What you will do:
Each and every line below goes into your answer unchanged, but leave out the images.

Dataset content:
-=-=-=-=-
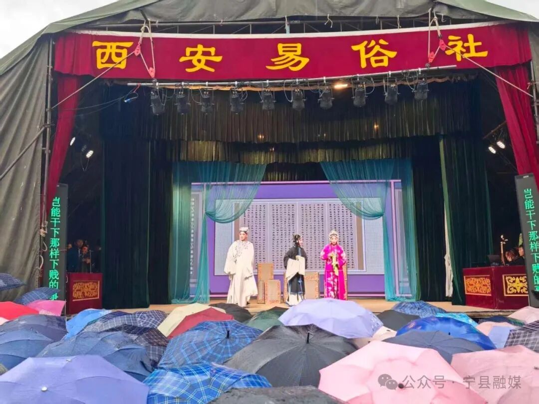 十月的寧縣,秋意漸濃,細(xì)雨霏霏。10月1日,當(dāng)國慶的喜悅彌漫這座小城,歡悅寧州文化創(chuàng)意街區(qū)卻別有一番熱鬧景象——一場由百年名社西安易俗社帶來的折子戲?qū)?,在朦朧雨絲中鳴鑼開唱,為古韻寧州平添了一份獨(dú)特的梨園雅趣。
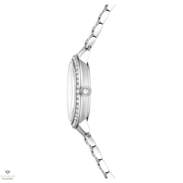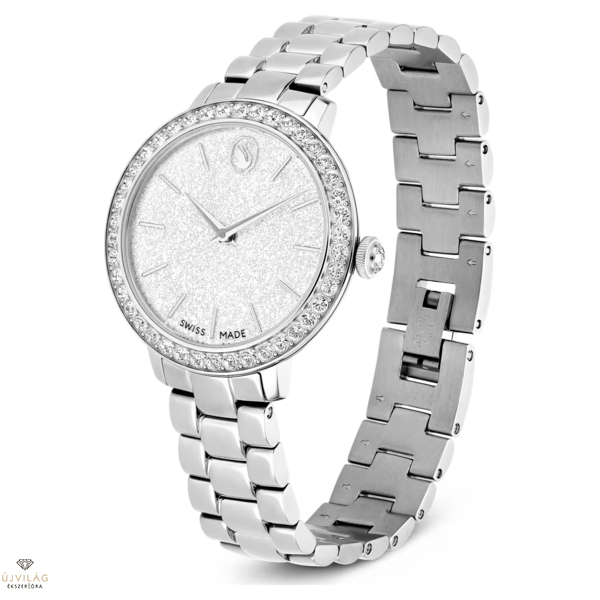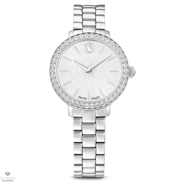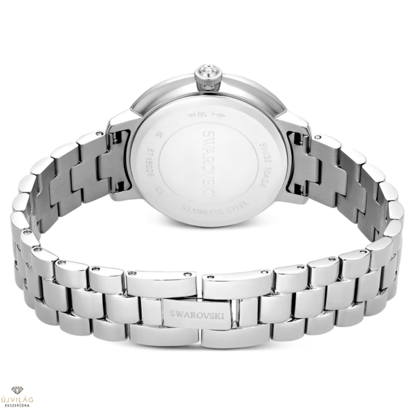 A Swarovski Matrix ékszerek által ihlettet, 30 mm-es óra ugyanazt a kortárs és kifejező stílust testesíti meg. A rozsdamentes acélból készült óra 42 kristályból álló pavé foglalatú bezelszettel díszített, míg a gyönyörű, kerek számlap csillogó hatású, karcsú órajelölőkkel és mutatókkal, valamint 12 óránál egy hattyúlogóval ellátott. A felhúzó koronába foglalt plusz kristály mellett az óra további különlegessége a háromszemes karkötő, amely elegánsan körbeöleli a csuklót. A svájci gyártmányú óra 50 méterig vízálló, és tökéletes kiegészítő bármilyen alkalomra. Méretek: Óraház mérete: 30 x 30 mm. Óraház vastagsága: 7 mm. Óraszíj hossza (min. - max.): 12.5 - 19 cm. Óraszíj szélessége: 1.2 cm
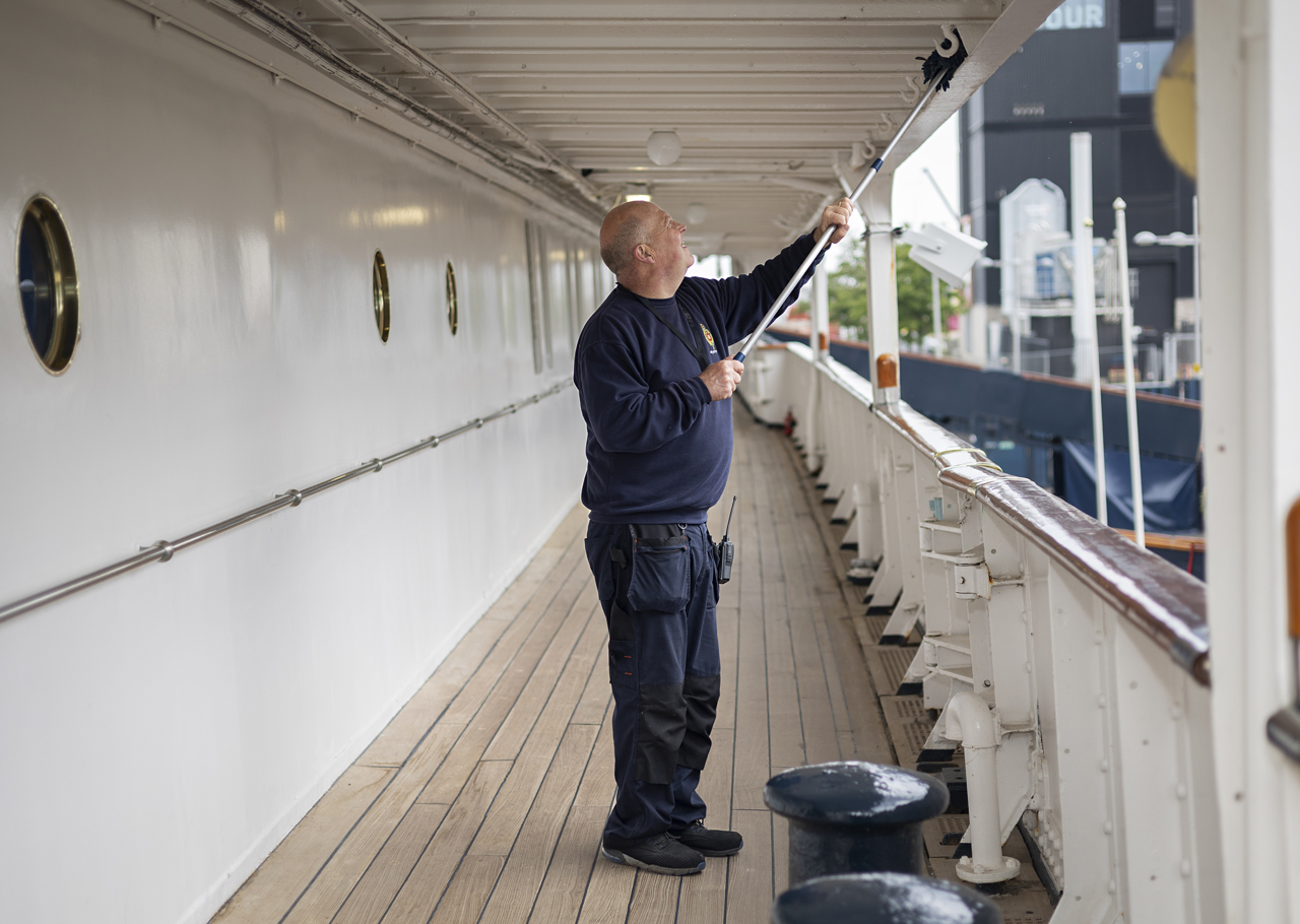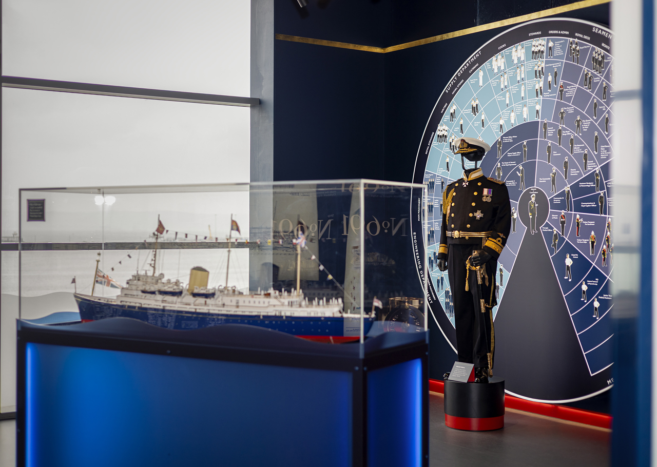 In our new Visitor Centre visitors can view a 1/72 scale model of Britannia, built by Ray Scrivens, which sits alongside many historic images and uniforms from the Royal Yacht.
-=-=-=-=-
Answer for the task:
 十月的寧縣,秋意漸濃,細(xì)雨霏霏。10月1日,當(dāng)國慶的喜悅彌漫這座小城,歡悅寧州文化創(chuàng)意街區(qū)卻別有一番熱鬧景象——一場由百年名社西安易俗社帶來的折子戲?qū)?,在朦朧雨絲中鳴鑼開唱,為古韻寧州平添了一份獨(dú)特的梨園雅趣。
 A Swarovski Matrix ékszerek által ihlettet, 30 mm-es óra ugyanazt a kortárs és kifejező stílust testesíti meg. A rozsdamentes acélból készült óra 42 kristályból álló pavé foglalatú bezelszettel díszített, míg a gyönyörű, kerek számlap csillogó hatású, karcsú órajelölőkkel és mutatókkal, valamint 12 óránál egy hattyúlogóval ellátott. A felhúzó koronába foglalt plusz kristály mellett az óra további különlegessége a háromszemes karkötő, amely elegánsan körbeöleli a csuklót. A svájci gyártmányú óra 50 méterig vízálló, és tökéletes kiegészítő bármilyen alkalomra. Méretek: Óraház mérete: 30 x 30 mm. Óraház vastagsága: 7 mm. Óraszíj hossza (min. - max.): 12.5 - 19 cm. Óraszíj szélessége: 1.2 cm
 In our new Visitor Centre visitors can view a 1/72 scale model of Britannia, built by Ray Scrivens, which sits alongside many historic images and uniforms from the Royal Yacht.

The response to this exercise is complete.